Methods: We performed a retrospective analysis of prospectively collected data from a single institution registry. Data was collected from 2013-2021. Referral patterns for LDCT screening follow the USPSTF guidelines. Results of imaging was in concordance with Lung-RADS guidelines. Patient entries were deidentified and included patient demographics, additional imaging, and diagnostic or therapeutic interventions that had occurred.
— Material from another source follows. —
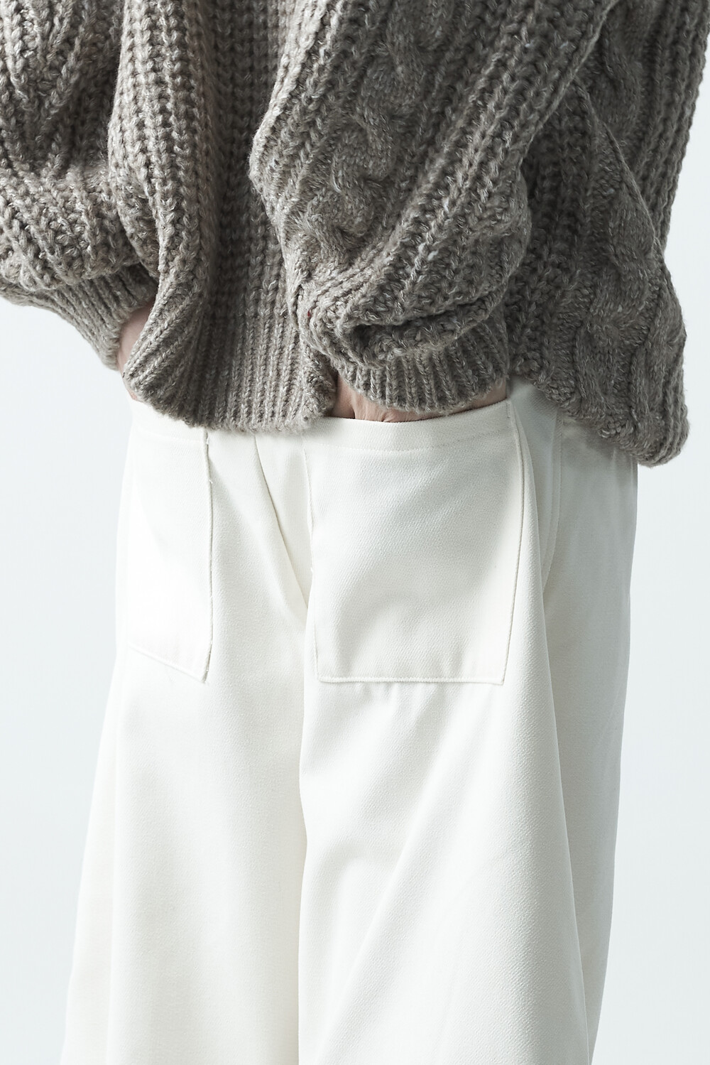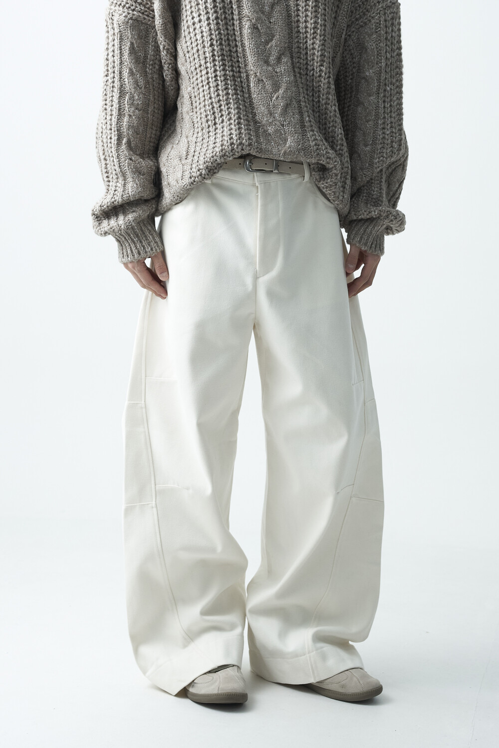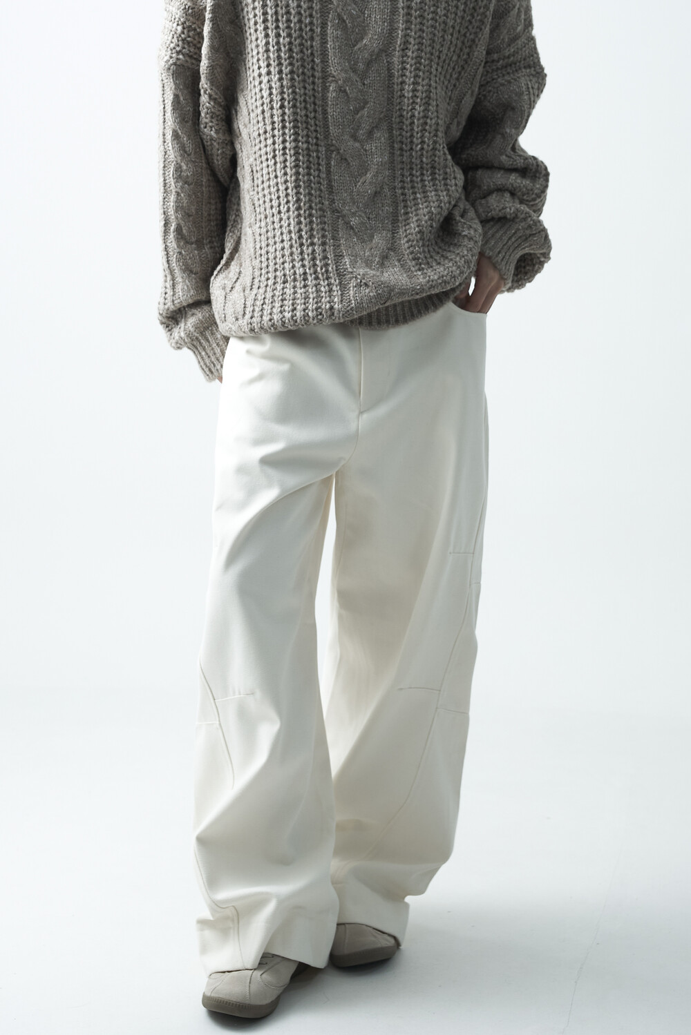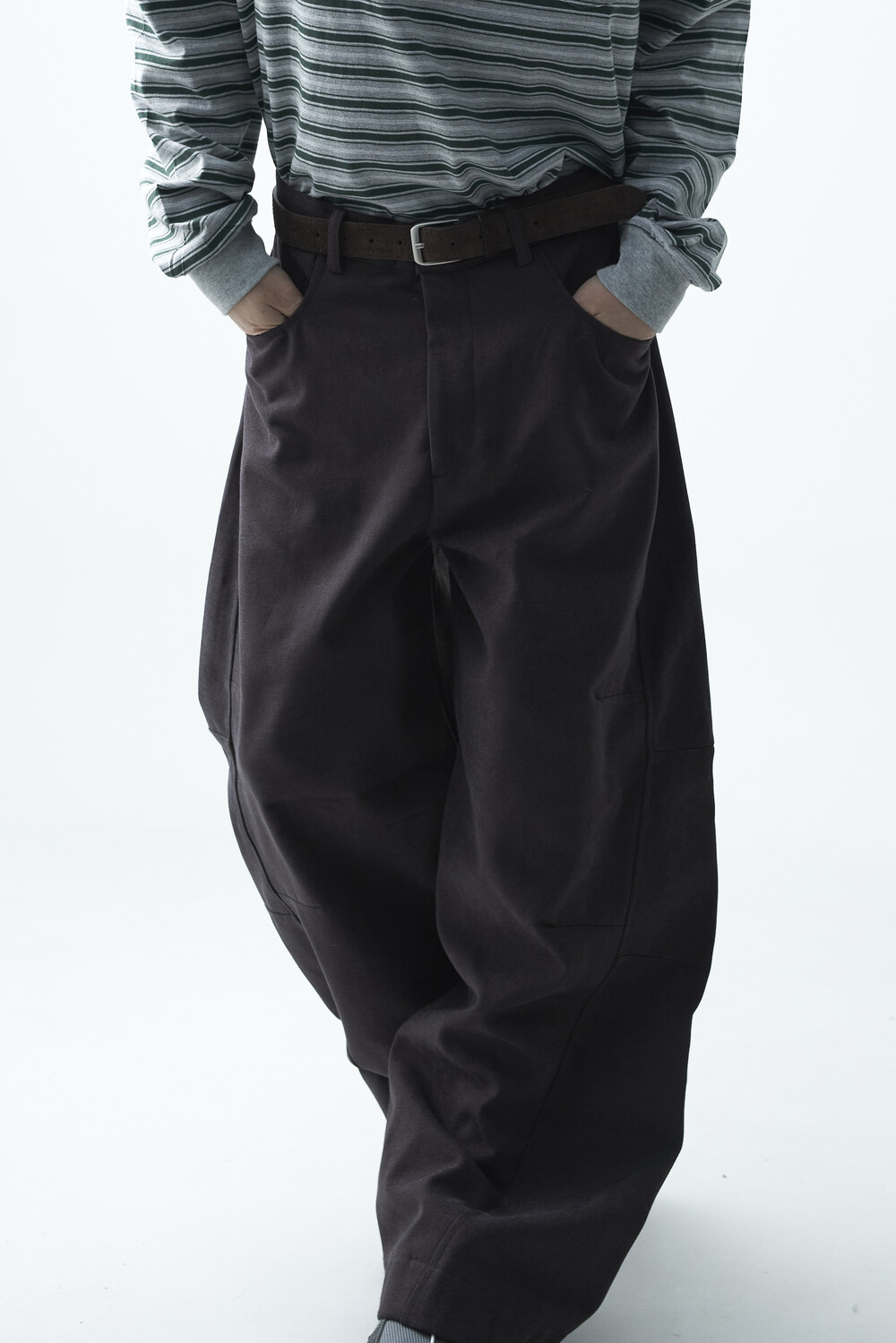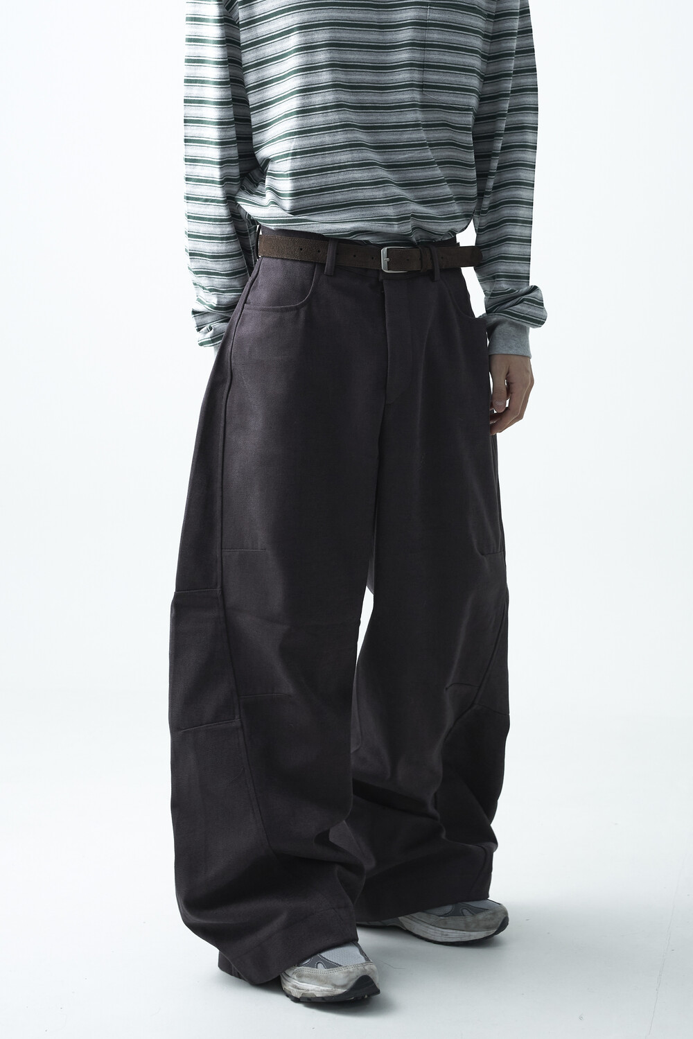 - 두꺼운 피치 코튼 소재감의 벌룬 와이드 팬츠 제품입니다. 따뜻한 겨울용 팬츠 제품으로 풍부한 볼륨감과 각 파츠의 절개 디테일로 입체적인 와이드 실루엣을 연출합니다.

Results: Data from 2013 to 2021 found a total of 7807 screening studies were completed in the LDCT program. 117 (1.55%) patients obtained an invasive diagnostic/therapeutic procedure following abnormal results on screening LDCT. Nondiagnostic intervention rate was 0.4% of all screened patients and 29.9% of patients who had a positive screening test. A total of 114 (1.4%) lung cancers were detected and stratified into early (65%) vs late disease (35%).
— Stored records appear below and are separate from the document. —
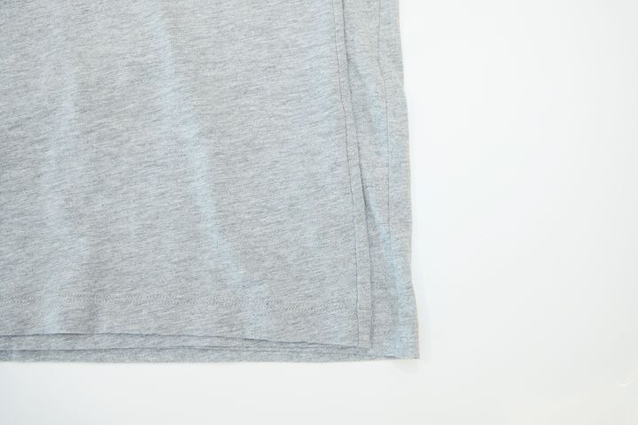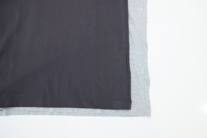 グレーがボクシーT、黒がクルーネックTでこちらもMサイズを比較。スラブTよりもさらにコンパクトなクルーネックTと比べると、ボクシーTのビッグシルエットがより際立ちます。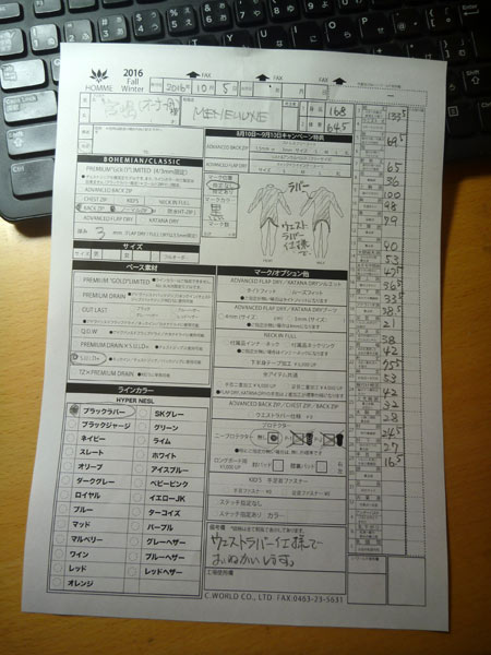AXXE CLASSICさんに、3ミリのフルスーツをお願いしました。これから冬本番までと、春先用の一番出番が多いウェットです。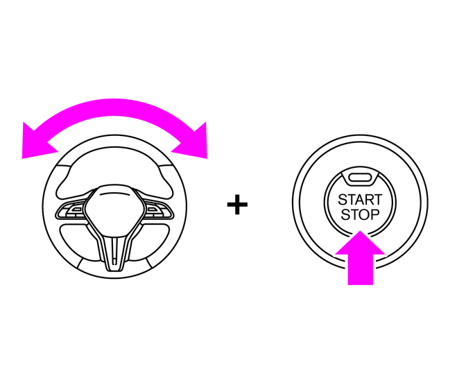 ハンドルがロックされていても、数mm~数cmだけ動かすことができます。その範囲内でハンドルを左右にゆっくり回しながらパワースイッチを押してください。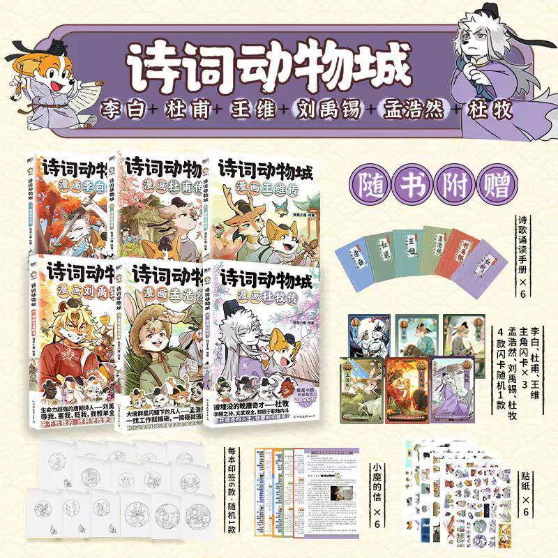 【博库专享冰箱贴】以趣味漫画形式开启诗词启蒙!《诗词动物城》将李白、杜甫、王维、杜牧、刘禹锡、孟浩然等唐代诗人化身可爱动物角色,打造萌趣十足的“动物诗国”。在“我是小魔当家,今天开始学买菜做饭”的生活化场景中,孩子们跟随小动物诗人轻松学诗,边玩边记。每首诗词搭配生动漫画与趣味解读,让经典不再枯燥。冰箱贴设计精巧,既是学习工具,也是家居点缀,寓教于乐,激发孩子对古诗词的兴趣与热爱,让传统文化在欢笑中传承。博库专享,收藏必备!

Conclusion: LDCT screening programs are feasible in the rural community setting. Our data suggests similar outcomes in terms of lung cancer discovery rate (1.4%) when compared to large urban multicenter trials. We found that the majority of patients with a lung cancer diagnosis obtained from CT screening were at a lower stage at time diagnosis. Our data suggests the effectiveness of the LDCT screening protocols, and our institution specific creation suggests feasibility.